I think your problem is that you're trying to use the 32-bit calling conventions in 64-bit mode. That won't fly, not if you're calling these assembly routines from C. The 64-bit calling convention is documented here: http://www.x86-64.org/documentation/abi.pdf
Also, don't open-code system calls. Call the wrappers in the C library. That way errno gets set properly, you take advantage of sysenter/syscall, you don't have to deal with the differences between the normal calling convention and the system-call argument convention, and you're insulated from certain low-level ABI issues. (Another of your problems is that write is system call number 1, not 4, for Linux/x86-64.)
Editorial aside: There are two, and only two, reasons to write anything in assembly nowadays:
You are writing one of the very few remaining bits of deep magic that cannot be written in C alone (a good example is the guts of libffi)
You are hand-optimizing an inner-loop subroutine that has been measured to be performance-critical and the C compiler doesn't do a good enough job on.

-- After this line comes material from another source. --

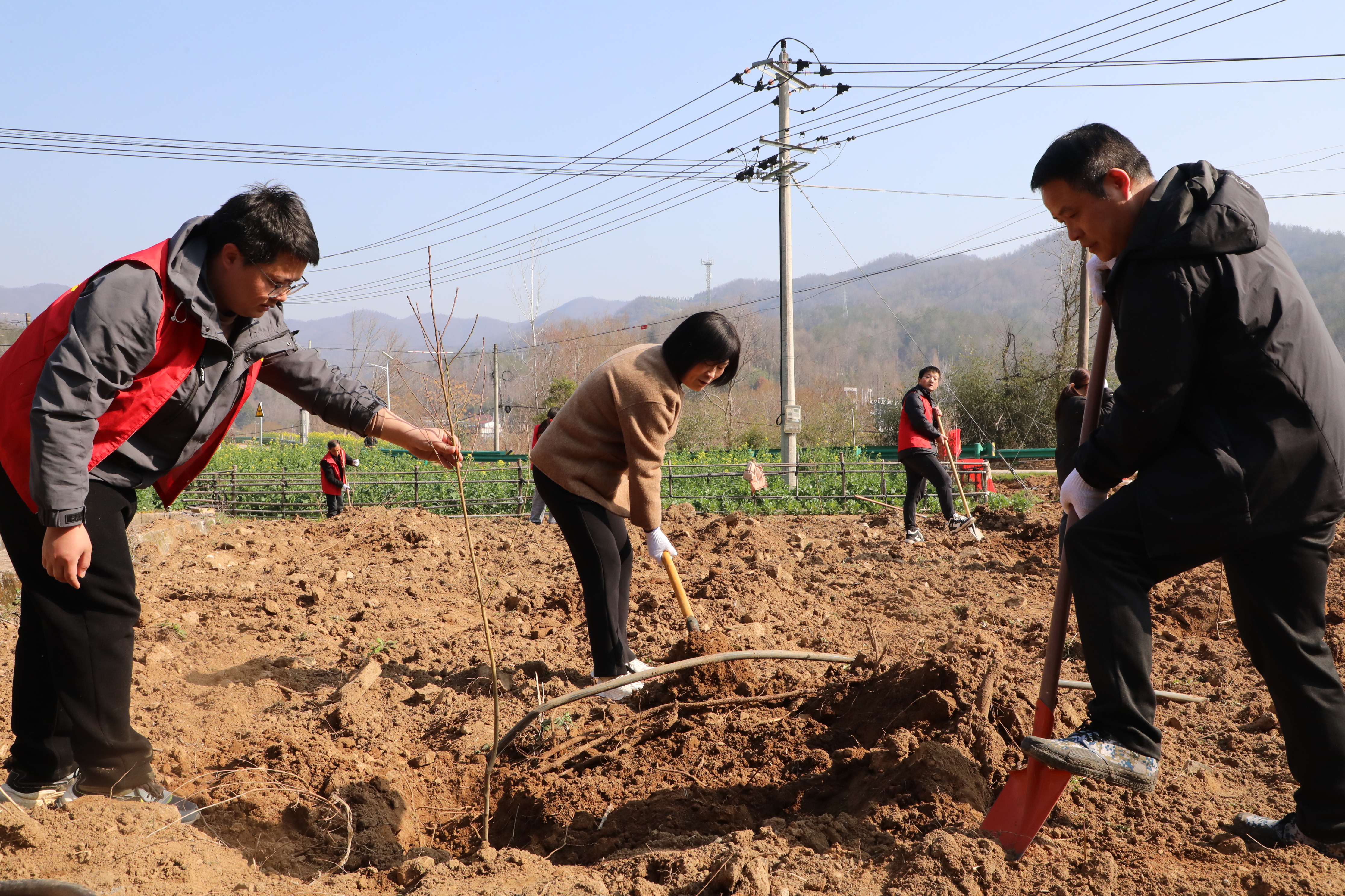 春光暖野,植树现场一片热火朝天。政协委员们与志愿者们分工协作、配合默契,挥锹铲土、扶苗填坑、踩实浇水,每一个步骤都细致严谨。新栽的百余株树苗迎风挺立,在春日的阳光下舒展枝丫,为静谧的乡村增添了勃勃生机。

Otherwise just write whatever it is in C. Your successors will thank you.
EDIT: checked system call numbers.
I'm not sure if this answer is related to the problem you're seeing (since you didn't specify anything about what the failure is), but 64-bit code has a different calling convention than 32-bit code does. Both of the major 64-bit Intel ABIs (Windows & Linux/BSD/Mac OS) pass function parameters in registers and not on the stack. Your program appears to still be expecting them on the stack, which isn't the normal way to go about it.
Edit: Now that I see there is a C main() routine that calls your functions, my answer is exactly about the problem you're having.